From a 10-inch-by-19-inch piece of cardboard, 3-inch-square corners are cut out, as shown in the figure above, and the resulting flaps are folded up to form an open box.
Find the surface area and volume of the open box
With 3 inches cut from each corner, the dimensions would be (10-6) by (19-6).
V = 4 * 13 * 3 = ?
If it is the surface area within the box, in other words, the bottom, 4 * 13 = ?
To find the surface area and volume of the open box, we need to follow a few steps:
Step 1: Determine the dimensions of the box.
The original piece of cardboard measures 10 inches by 19 inches. By cutting out 3-inch squares from each corner, the resulting box will have a length, width, and height.
The length of the box = 19 inches - 2 * 3 inches = 13 inches
The width of the box = 10 inches - 2 * 3 inches = 4 inches
The height of the box = 3 inches
Step 2: Calculate the surface area of the open box.

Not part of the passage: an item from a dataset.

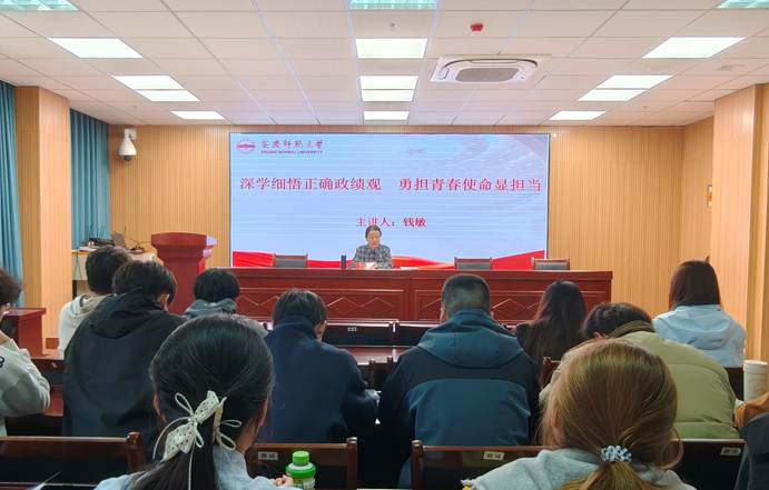 开班仪式结束后,钱敏以《深学细悟正确政绩观 勇担青春使命显担当》为题为全体学员开启了党课第一讲,从什么是正确政绩观、为什么青年大学生要树立正确政绩观、如何践行正确政绩观三个方面进行了系统阐释和深刻引导。她勉励全体学员,要在此次培训中不断深化对正确政绩观的理解,将其内化于心、外化于行,将个人成长融入党和人民的事业之中,以实际行动诠释新时代青年的忠诚、担当与奉献,为实现中华民族伟大复兴贡献青春力量。(撰稿:钱俊月 摄影:陈娟娟 审核:钱敏)

The surface area of the box is the sum of the areas of all six sides. In this case, the box has three rectangular sides and three flaps.
Rectangular sides:
1. Length * Width = 13 inches * 4 inches = 52 square inches
2. Length * Height = 13 inches * 3 inches = 39 square inches
3. Width * Height = 4 inches * 3 inches = 12 square inches
Flaps:
1. Length * Height = 13 inches * 3 inches = 39 square inches
2. Width * Height = 4 inches * 3 inches = 12 square inches
3. Width * Height = 4 inches * 3 inches = 12 square inches
Total surface area = 52 + 39 + 12 + 39 + 12 + 12 = 166 square inches
Step 3: Calculate the volume of the open box.
The volume of a rectangular prism is calculated by multiplying the length, width, and height.
Volume = Length * Width * Height = 13 inches * 4 inches * 3 inches = 156 cubic inches
Therefore, the surface area of the open box is 166 square inches, and the volume of the open box is 156 cubic inches.